Course – LS – All

Get started with Spring and Spring Boot, through the Learn Spring course:

>> CHECK OUT THE COURSE

1. Introduction

In this tutorial, we’ll explore different Java libraries that we can use to extract tar archives. The tar format originated as a Unix-based utility to package files together, uncompressed. But today, it’s very common to compress tar archives with gzip. So, we’ll see how compressed vs. uncompressed tar archives affect our code.

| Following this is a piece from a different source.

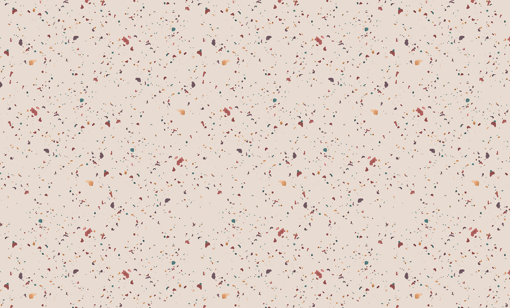 Shades of dark mauve, ochre, deep plum, and teal green on a pale fleshy peach background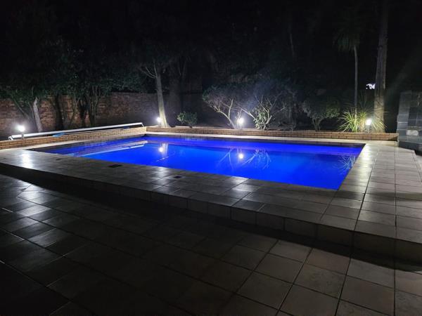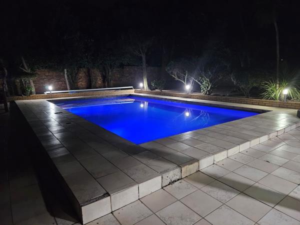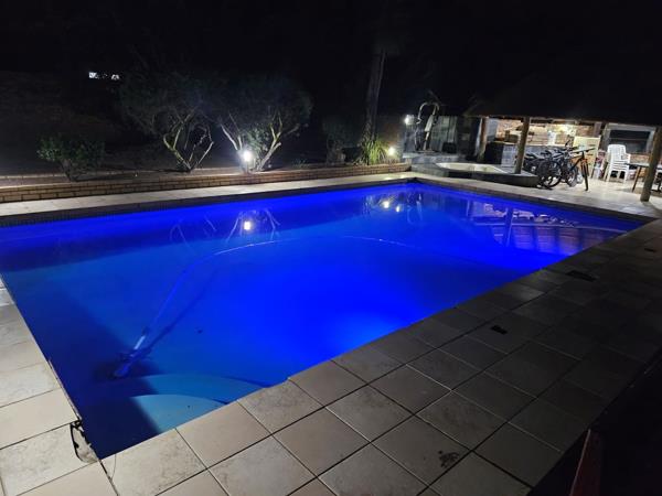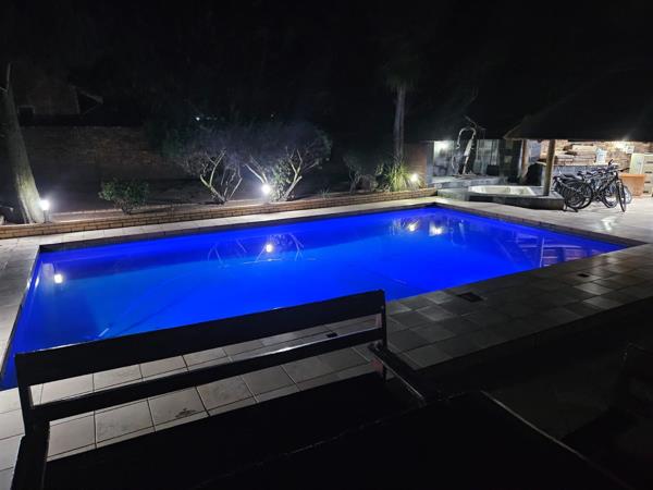 Entertainment Area: Gorgeous thatched outdoor space with built-in braai, jacuzzi, and a large pool for year-round enjoyment.

2. Creating a Base Class for Implementations

To avoid boilerplate, let’s start with an abstract class we’ll use as the basis for our implementations. This class will define a single abstract method, untar(), which will perform the extraction:

public abstract class TarExtractor {

    private InputStream tarStream;
    private boolean gzip;
    private Path destination;

    // ...

    public abstract void untar() throws IOException;
}

Now, let’s define a couple of constructors for our base class. The primary constructor will receive a tar archive as an InputStream, whether the contents are compressed, and a Path to where the files will be extracted:

protected TarExtractor(InputStream in, boolean gzip, Path destination) throws IOException {
    this.tarStream = in;
    this.gzip = gzip;
    this.destination = destination;

    Files.createDirectories(destination);
}

Most importantly, we create the base directory structure for the files we’re extracting with Files.createDirectories(). This way, we don’t need to create the destination folder ourselves. For the sake of simplicity, we’re using a boolean to define if our archive is using gzip or not. So, we don’t need to write code to detect the actual file type by its contents.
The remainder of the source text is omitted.